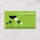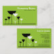 A business card template design with an abstract mid-century style flowers motif. Company name and business type etc on the front with name and other details on the reverse side with the same flowers motif.
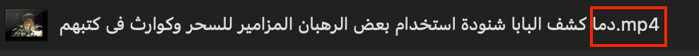 The first keyword of a filename of a religious video by Pope Shenouda III I had downloaded in support of the case documentation has been inadvertently altered to represent death threat through cybercrime.
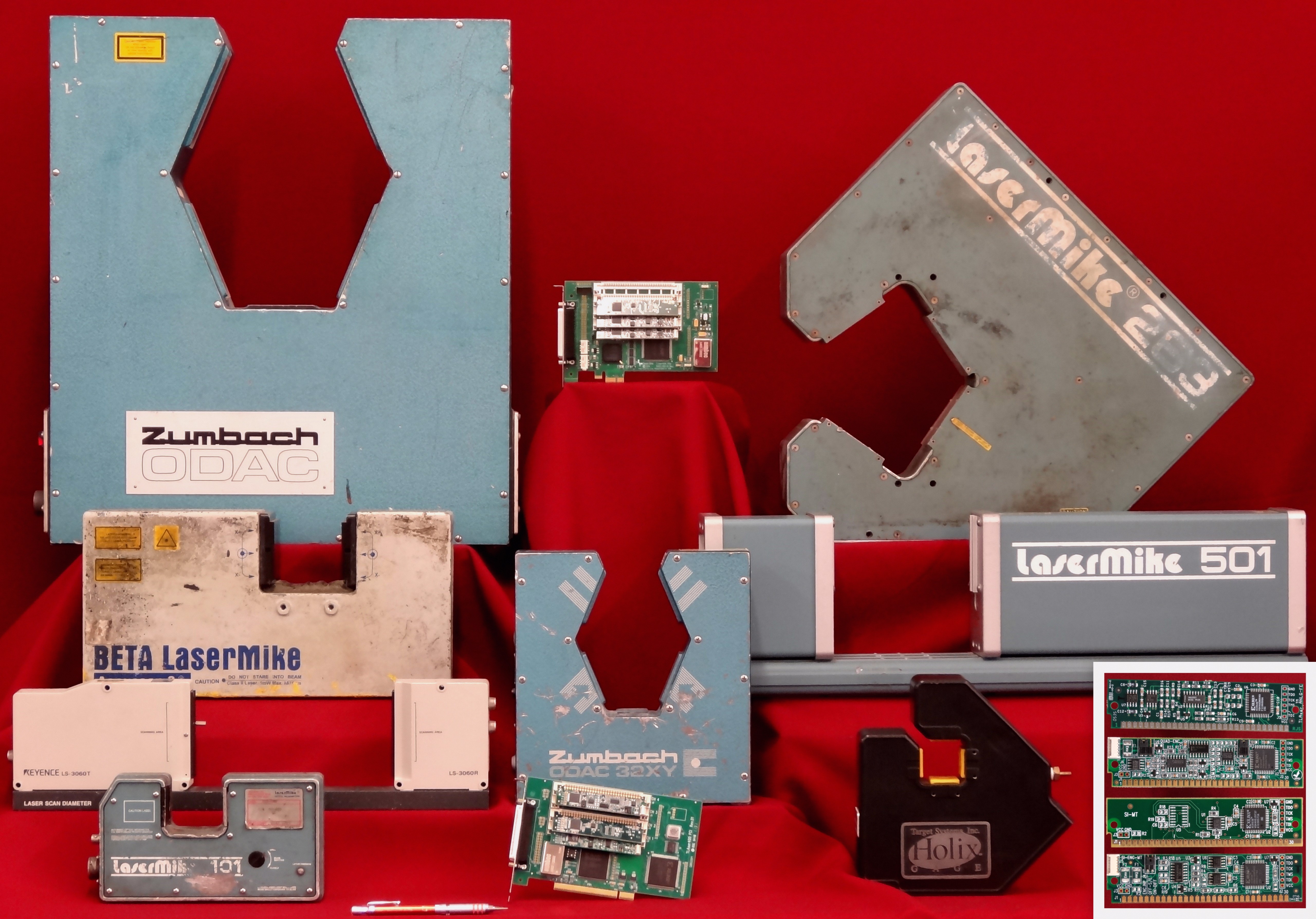 The card hosts up to four “daughter cards.” Each daughter card, or compatibility module, is selected based on the make and model of the associated laser micrometer.
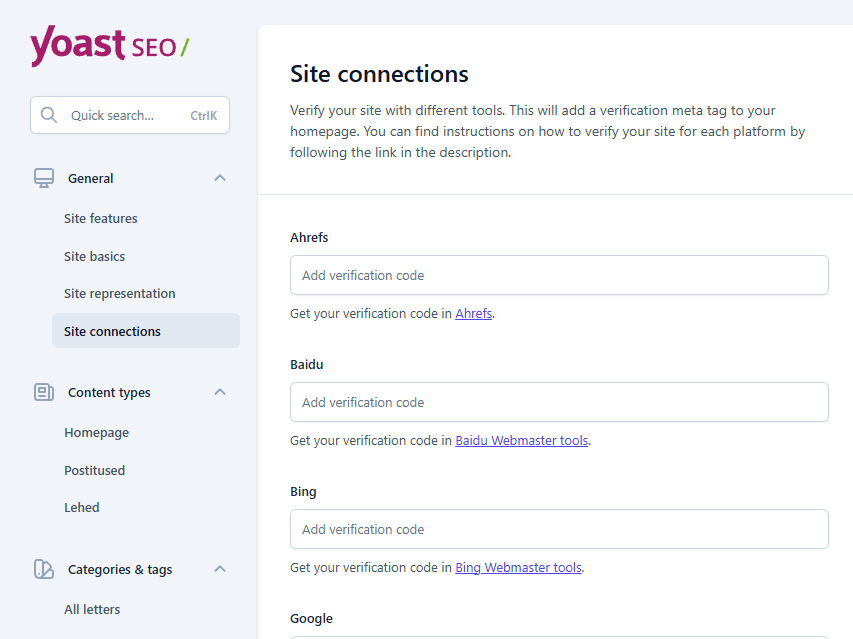 - SEO plugini seaded:

________________________________________

• Exercise directions: Print every line above once more, exactly. Omit the pictures.

• Solution for this problem:
 A business card template design with an abstract mid-century style flowers motif. Company name and business type etc on the front with name and other details on the reverse side with the same flowers motif.
 The first keyword of a filename of a religious video by Pope Shenouda III I had downloaded in support of the case documentation has been inadvertently altered to represent death threat through cybercrime.
 The card hosts up to four “daughter cards.” Each daughter card, or compatibility module, is selected based on the make and model of the associated laser micrometer.
 - SEO plugini seaded:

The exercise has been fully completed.